A surge in margin loans fueled the stock boom in the first half of last year, and exacerbated the slump that followed. Moves in the Shanghai Composite over much of the past two years have closely tracked appetite for leveraged bets, which fell to the lowest level since December 2014 last week.
"The state doesn't want the market to decline and they want to see buying from investors so we've seen them loosen their grip on margin lending," said Wang Zheng, who has been adding his holdings recently as the Shanghai-based chief investment officer at Jingxi Investment Management Co. "There's no big negative news now as the top priority for the regulator is to stabilize the market. There will be no radical reforms."
The Shanghai Composite posted its steepest weekly gain since November amid speculation that some commercial banks had resumed non-brokerage margin lending, which was banned by regulators last summer.
The CSI 300 Index rose 2.4 per cent, while the ChiNext index of small-cap shares surged 1.7 per cent for a three-day, 13 percent gain. The Hang Seng China Enterprises Index added 0.8 perc ent in Hong Kong, taking its rebound to 19 per cent since the Feb 12 low. The Hang Seng Index climbed 0.2 per cent.
MSCI's broadest index of Asia-Pacific shares outside Japan was down 0.3 per cent after entering positive territory for the first time this year on Friday. It is up 16 per cent from January's lows.
Equity markets elsewhere in the region edged lower with Taiwan and Australia leading losses.
Singapore's Straits Times Index was down 1.04 per cent at 2,876.58 as of 1:40 pm.
Japanese markets were closed for a holiday.
"Despite the current rally in risk, we are more inclined to be broadly bearish on emerging markets given the underlying weakening trend," said Frances Cheung, head of rates strategy, Asia ex-Japan at Societe Generale in Hong Kong.
In the absence of any fresh major economic data in a holiday-shortened week, investors were left to ponder the softer tightening bias from the Fed even as the US economic recovery appeared to be gathering fresh steam.

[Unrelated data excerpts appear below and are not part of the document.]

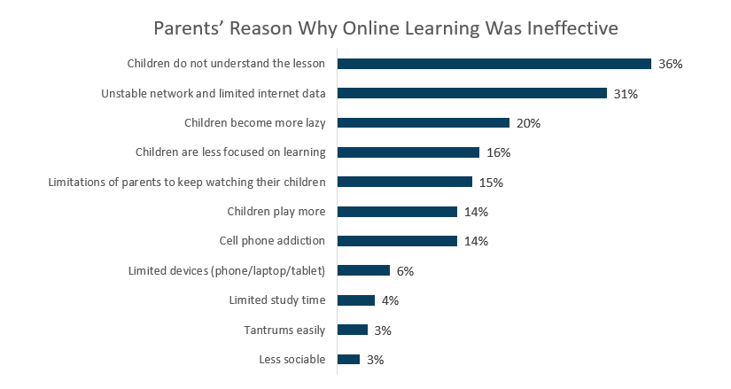 The previous results are in line with our next finding, where online learning is considered ineffective according to the majority of parents (77%). The main reason is caused by an unstable internet connection at home that makes their children confused and don’t understand the lesson. So the news related to the re-opening of learning activities in schools are welcomed positively by most parents because their children can learn optimally at school.
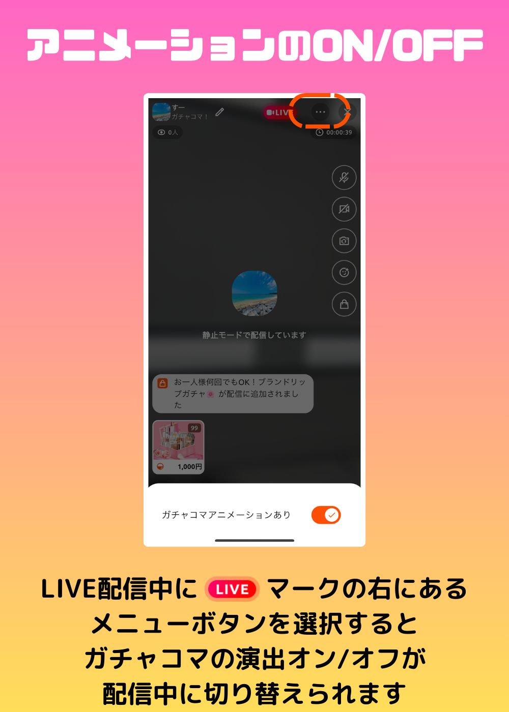 ※ ガチャ演出の表示範囲(購入者のみ/全視聴者)は、配信者が設定できます。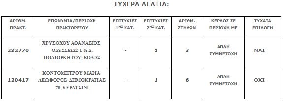 Σημειώνεται ότι στην δεύτερη κατηγορία βρέθηκαν δύο επιτυχημένα δελτία που κερδίζουν από 56.311,86 ευρώ το κάθε ένα.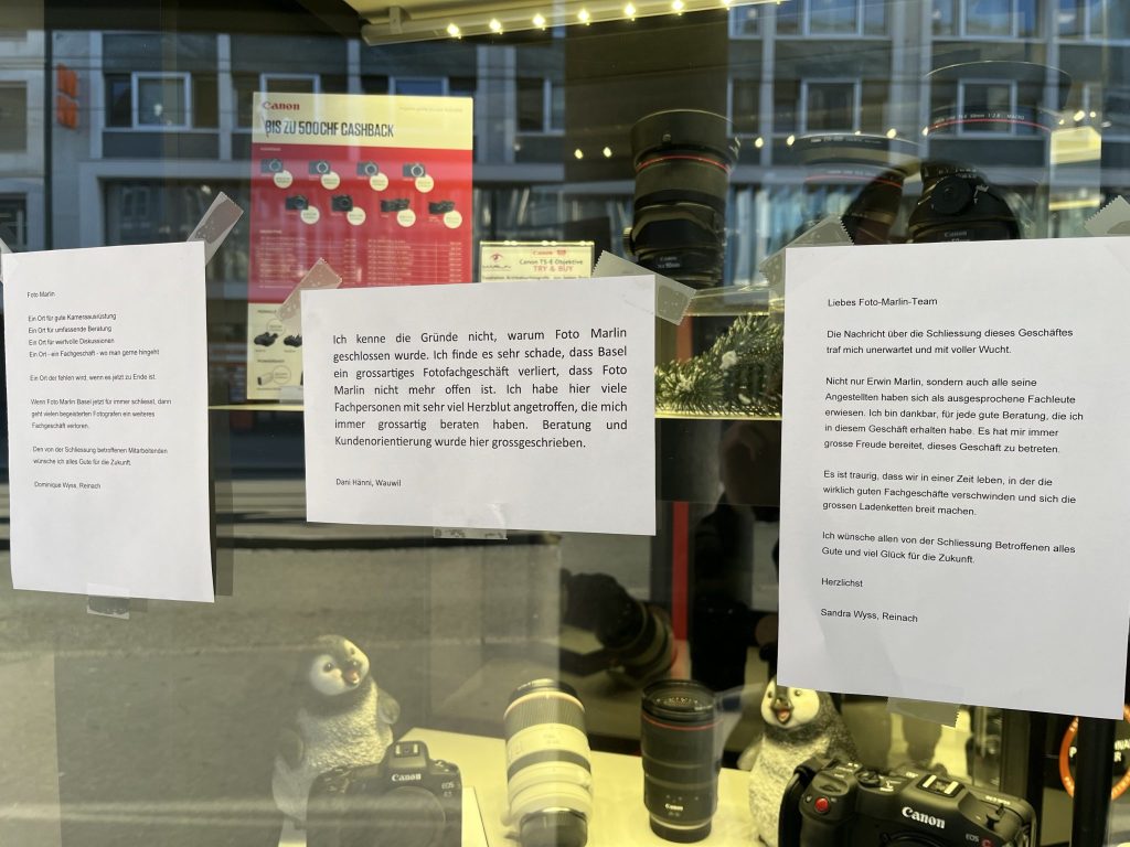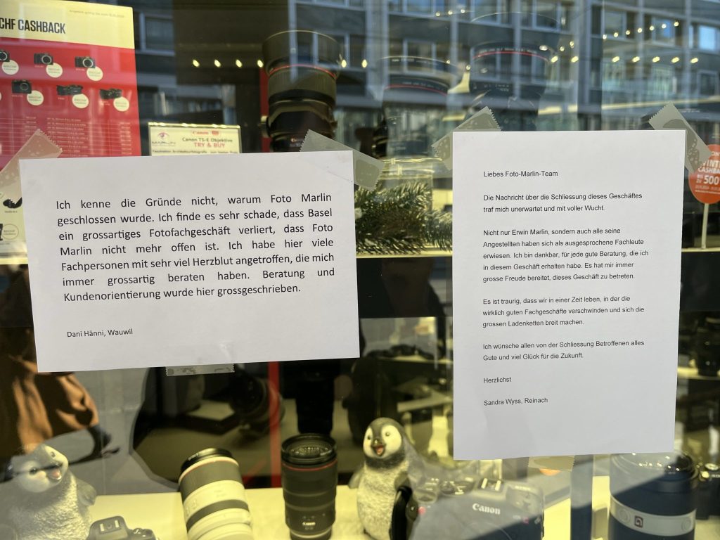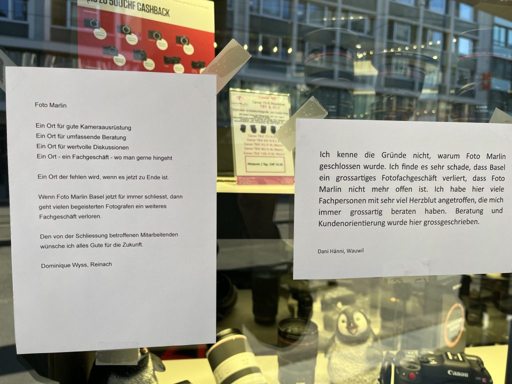 Auch vor Ort haben Stammkunden ihr Bedauern kund getan. Mit Zetteln an der Fensterscheibe bedanken sich die Kunden für die professionelle Beratung. So schreibt zum Beispiel Dominique Wyss aus Reinach: «Ein Ort für gute Kameraausrüstung. Ein Ort für umfassende Beratung. Ein Ort für wertvolle Diskussionen. Ein Ort – ein Fachgeschäft – wo man gerne hingeht. Ein Ort, der fehlen wird, wenn es den jetzt zu Ende ist.»

Dollar bulls were hit hard last week after the Fed's less hawkish stance which cut the projected rate hikes for the rest of the year by half to only two. Financial markets, as seen by money market futures, are barely pricing in one.
Fed Chair Janet Yellen sounded doubtful that a recent firming in US inflation would be sustained, suggesting the central bank is in no hurry to tighten policy.

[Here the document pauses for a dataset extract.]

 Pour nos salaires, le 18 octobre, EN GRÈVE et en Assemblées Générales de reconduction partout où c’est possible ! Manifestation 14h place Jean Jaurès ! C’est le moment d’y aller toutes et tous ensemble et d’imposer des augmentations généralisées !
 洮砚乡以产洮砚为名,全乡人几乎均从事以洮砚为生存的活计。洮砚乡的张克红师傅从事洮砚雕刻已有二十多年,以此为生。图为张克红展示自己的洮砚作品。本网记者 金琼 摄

Some such as Francis Cheung, China strategist at brokerage CLSA, said the Fed's renewed caution would encourage Beijing to pursue with its own stimulus measures to boost the economy. He expects an interest rate cut in the second quarter.
China's economy is showing signs of improvement while capital outflows from the country are moderating, top Chinese officials said on Sunday.
Easing outflows and the softer dollar are resulting in less pressure on the yuan currency, which could give the central bank more confidence to cut interest rates and banks' reserve requirements again after largely weak data in January and February, some market watchers say.
However, softer oil prices dampened sentiment.
Oil slipped for a second session, extending Friday's slide of over 1 per cent after the USrig count rose for the first time since December, renewing worries of a supply glut after an output freeze proposal had helped boost the market to 2016 highs.
US West Texas Intermediate (WTI) futures fell more than 1 per cent to US$39.01 per barrel after briefly topping US$41, its highest since last December.
Brent crude edged lower to US$41.04 per barrel after hitting this year's peak of US$42.54 per barrel.
In currencies, the dollar index was little changed at 95.01, not far from a five-month trough of 94.578 set on Friday.
The greenback fetched 111.31 yen, still within reach of Friday's 17-month low of 110.67. The euro, which last week scaled a one-month peak of US$1.1342, stood at US$1.12830.
The Australian dollar consolidated gains after hitting its highest level in nine months last week at 0.7681 per dollar. It was changing hands at 0.7591 on Monday.